As with many things related to fibromyalgia, there is no scientific proof that diet has any direct impact the condition. However, although it may not be able to cure your symptoms, your diet can play a big part in your pain levels and your ability to cope.
If we’ve heard it once, we’ve heard it a thousand times; when it comes to fibromyalgia it’s all about trial and error. Ain’t that the truth! Keeping a diet diary is one of those things that (unfortunately) will take a bit of effort but (fortunately) will almost certainly teach you something you didn’t know.
By documenting everything you eat and drink, and also documenting the severity of your symptoms and any flare-ups that occur, you are likely to start seeing patterns that may influence the foods you eat and can start to think about how to lose weight with fibromyalgia.
This is also a good way of watching out for food allergies or intolerances that may exist aside from your fibromyalgia. Common food intolerances include dairy, wheat and gluten.
Many fibromyalgia sufferers find their symptoms worsen when they are stressed, anxious and depressed, so it’s important to look after your mental health as well as your physical health.
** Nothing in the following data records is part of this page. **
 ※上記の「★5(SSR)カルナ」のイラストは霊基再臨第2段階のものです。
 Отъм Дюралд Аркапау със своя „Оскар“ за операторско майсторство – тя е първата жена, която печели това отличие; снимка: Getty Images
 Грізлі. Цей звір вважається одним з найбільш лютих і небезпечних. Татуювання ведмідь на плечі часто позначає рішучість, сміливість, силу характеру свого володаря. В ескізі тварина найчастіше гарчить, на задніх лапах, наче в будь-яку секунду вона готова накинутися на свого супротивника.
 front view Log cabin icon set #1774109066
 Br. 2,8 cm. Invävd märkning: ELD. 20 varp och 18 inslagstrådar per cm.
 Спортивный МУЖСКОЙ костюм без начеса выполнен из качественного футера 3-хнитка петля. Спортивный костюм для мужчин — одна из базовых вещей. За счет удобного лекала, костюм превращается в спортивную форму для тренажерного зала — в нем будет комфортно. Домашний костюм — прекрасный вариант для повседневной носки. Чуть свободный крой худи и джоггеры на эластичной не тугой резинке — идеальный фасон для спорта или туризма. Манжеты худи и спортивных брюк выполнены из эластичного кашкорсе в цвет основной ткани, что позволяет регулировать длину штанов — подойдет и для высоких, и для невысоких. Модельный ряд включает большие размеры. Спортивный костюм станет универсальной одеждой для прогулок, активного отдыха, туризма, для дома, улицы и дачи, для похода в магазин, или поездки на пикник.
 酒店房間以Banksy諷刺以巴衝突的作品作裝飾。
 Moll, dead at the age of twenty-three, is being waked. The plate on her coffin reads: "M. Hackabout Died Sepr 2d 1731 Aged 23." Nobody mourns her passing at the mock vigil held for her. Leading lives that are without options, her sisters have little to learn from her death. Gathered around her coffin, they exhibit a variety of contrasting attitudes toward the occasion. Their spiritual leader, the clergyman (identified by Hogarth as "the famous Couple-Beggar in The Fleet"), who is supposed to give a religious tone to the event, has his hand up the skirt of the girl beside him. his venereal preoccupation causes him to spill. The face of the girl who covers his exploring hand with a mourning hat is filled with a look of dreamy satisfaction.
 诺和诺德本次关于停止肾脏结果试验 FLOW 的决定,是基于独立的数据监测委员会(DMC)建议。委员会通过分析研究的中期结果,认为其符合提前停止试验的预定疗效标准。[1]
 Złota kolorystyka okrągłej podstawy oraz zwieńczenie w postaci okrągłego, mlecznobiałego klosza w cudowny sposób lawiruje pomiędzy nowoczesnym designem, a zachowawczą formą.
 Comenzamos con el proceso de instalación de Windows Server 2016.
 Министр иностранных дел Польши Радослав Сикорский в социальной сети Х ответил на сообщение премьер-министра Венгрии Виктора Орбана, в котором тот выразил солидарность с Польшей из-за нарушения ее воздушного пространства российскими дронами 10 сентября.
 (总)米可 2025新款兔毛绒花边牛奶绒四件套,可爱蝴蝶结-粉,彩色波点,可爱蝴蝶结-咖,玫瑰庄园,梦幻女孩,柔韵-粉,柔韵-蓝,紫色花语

Diet can heavily impact your mood, which in turn impacts your behaviour and lifestyle – both of which impact your pain. I have a terrible habit of craving comfort food when my pain is bad; I want to stay inside curled up on the sofa and find happiness inside a pizza box. However, certain chemicals in foods trigger the release of neurotransmitters that heighten sensitivity to pain, so eating fresh foods and limiting your sugar intake will have a basic positive effect on your health.
When your physical pain is bad you need to be as mentally strong as possible, and your diet will heavily impact this. It’s important to monitor your diet — avoid consuming lots of caffeine to help you sleep well and avoid artificial sweeteners, which provide a quick boost before a difficult ‘come-down.’
Do any of us really drink enough water? We’ve been told for years about the reasons to keep hydrated but did you know that dehydration causes back ache and fatigue, as well as the commonly known symptoms like headaches and brain fog?
There are no strict rules on what to eat and what not to eat, and your diet diary will help you identify your own food demons. However, general advice from medical professionals includes:
When you’ve got the time and the patience, use your diet diary to play around with your food routine and start looking for patterns. Start reducing your intake of the foods you want to avoid, and start increasing your intake of healthy food and water.
What works for you might not work for someone else, but with the amount of different food and drink we put into our body every day it’s no surprise that these things will impact the way we feel.